§ YOUR GOAL:
Make an exact copy, from the records below, of the lines from the line containing "江蘇教師招聘 蘇州市姑蘇區2020年1月教師招聘崗位核銷核減公告" to the line containing "UK 250 companies", both lines included, excluding pictures.

§ TASK DATA:

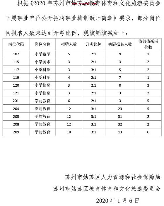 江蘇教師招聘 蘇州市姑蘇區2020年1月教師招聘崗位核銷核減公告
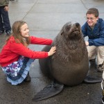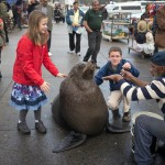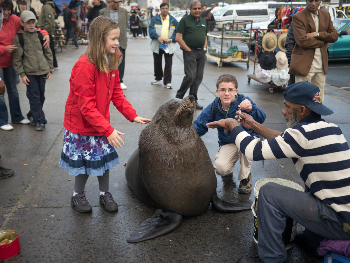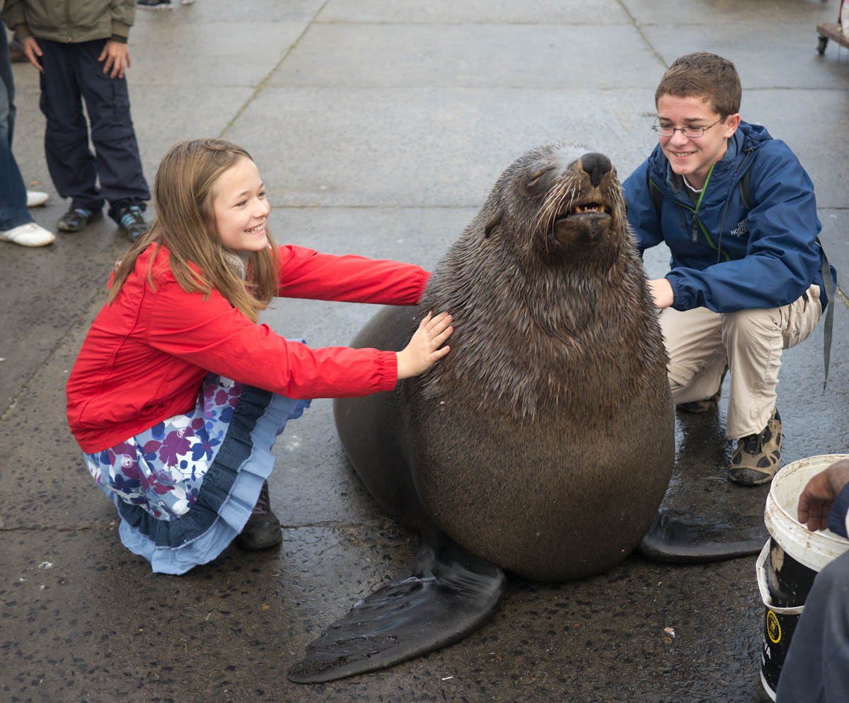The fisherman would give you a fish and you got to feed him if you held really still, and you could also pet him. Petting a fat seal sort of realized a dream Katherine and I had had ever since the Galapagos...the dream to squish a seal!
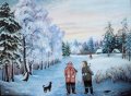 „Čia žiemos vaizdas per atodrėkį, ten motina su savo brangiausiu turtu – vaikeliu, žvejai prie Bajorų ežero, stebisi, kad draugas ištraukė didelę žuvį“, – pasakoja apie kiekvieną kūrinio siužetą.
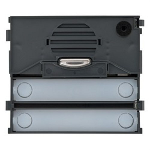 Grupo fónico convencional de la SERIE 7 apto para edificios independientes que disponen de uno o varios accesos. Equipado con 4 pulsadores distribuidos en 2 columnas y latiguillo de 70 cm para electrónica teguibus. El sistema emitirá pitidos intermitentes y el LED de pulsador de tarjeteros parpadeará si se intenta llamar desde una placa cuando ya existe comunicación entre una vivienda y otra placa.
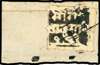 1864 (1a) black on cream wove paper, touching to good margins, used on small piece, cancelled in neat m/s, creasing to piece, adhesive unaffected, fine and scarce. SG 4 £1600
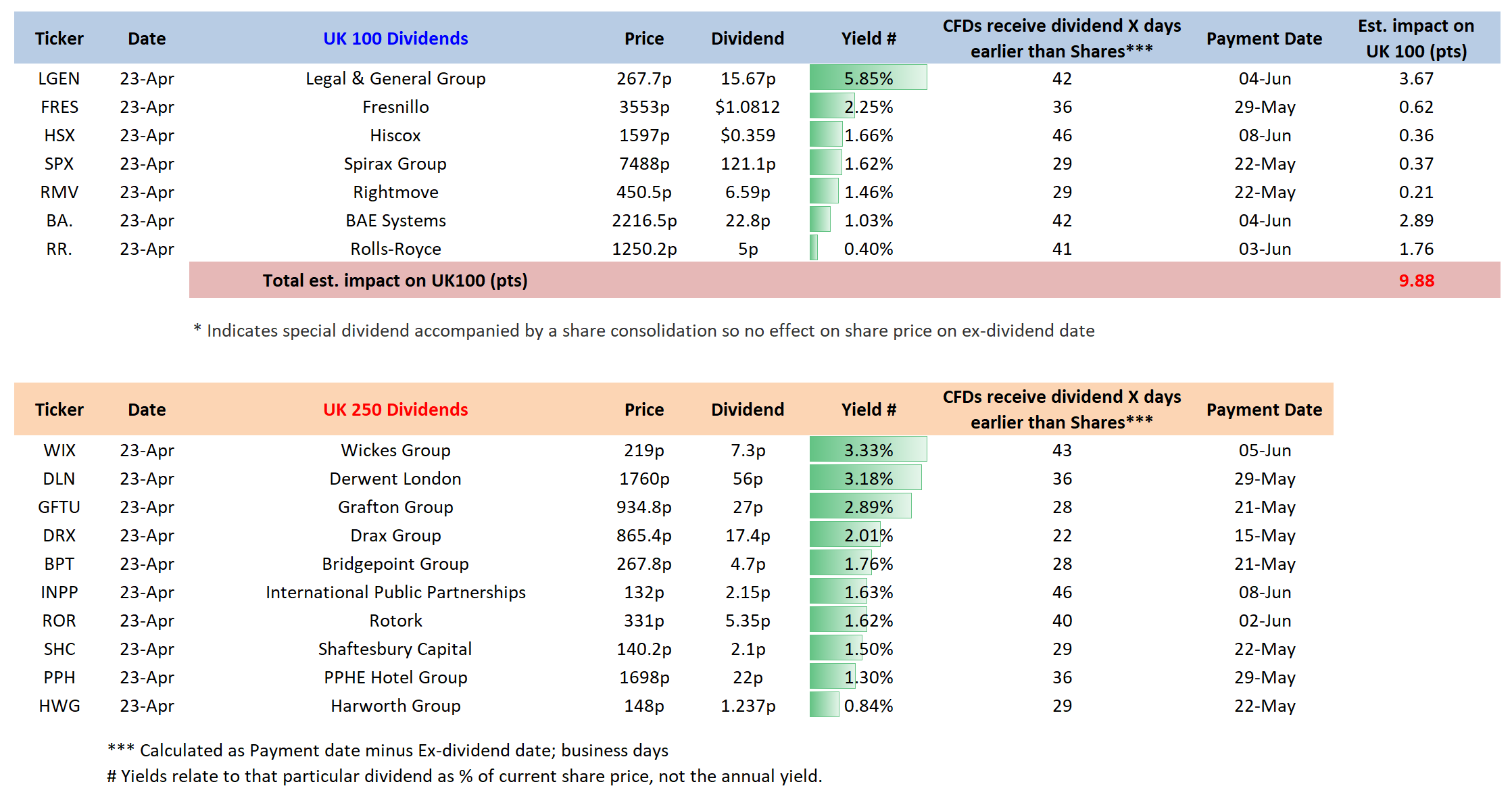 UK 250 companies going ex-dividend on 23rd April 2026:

--

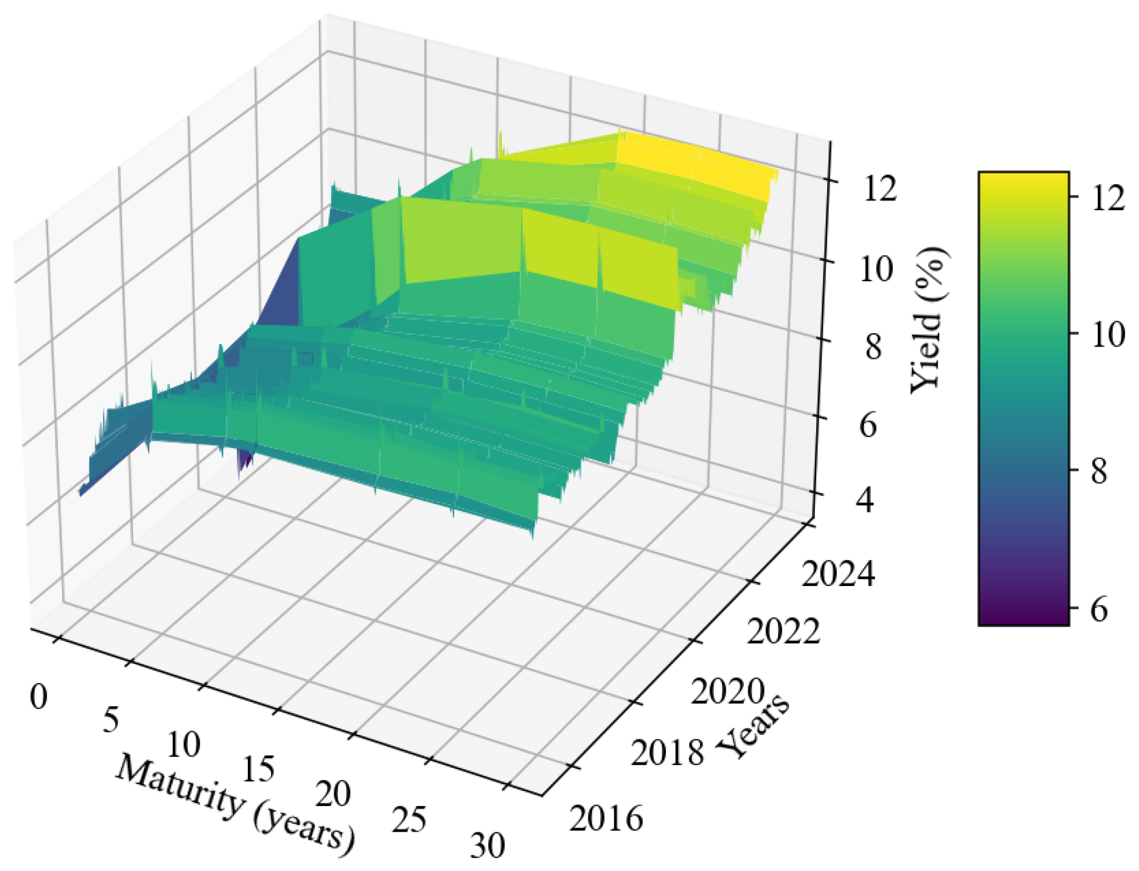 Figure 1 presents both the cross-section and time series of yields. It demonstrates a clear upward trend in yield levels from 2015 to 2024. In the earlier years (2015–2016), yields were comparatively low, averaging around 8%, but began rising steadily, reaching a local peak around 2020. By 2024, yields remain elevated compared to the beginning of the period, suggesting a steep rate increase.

...

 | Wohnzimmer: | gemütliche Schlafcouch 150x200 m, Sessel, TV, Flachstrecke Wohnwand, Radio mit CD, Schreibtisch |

§ TASK RESULT:
 江蘇教師招聘 蘇州市姑蘇區2020年1月教師招聘崗位核銷核減公告
The fisherman would give you a fish and you got to feed him if you held really still, and you could also pet him. Petting a fat seal sort of realized a dream Katherine and I had had ever since the Galapagos...the dream to squish a seal!
 „Čia žiemos vaizdas per atodrėkį, ten motina su savo brangiausiu turtu – vaikeliu, žvejai prie Bajorų ežero, stebisi, kad draugas ištraukė didelę žuvį“, – pasakoja apie kiekvieną kūrinio siužetą.
 Grupo fónico convencional de la SERIE 7 apto para edificios independientes que disponen de uno o varios accesos. Equipado con 4 pulsadores distribuidos en 2 columnas y latiguillo de 70 cm para electrónica teguibus. El sistema emitirá pitidos intermitentes y el LED de pulsador de tarjeteros parpadeará si se intenta llamar desde una placa cuando ya existe comunicación entre una vivienda y otra placa.
 1864 (1a) black on cream wove paper, touching to good margins, used on small piece, cancelled in neat m/s, creasing to piece, adhesive unaffected, fine and scarce. SG 4 £1600
 UK 250 companies going ex-dividend on 23rd April 2026:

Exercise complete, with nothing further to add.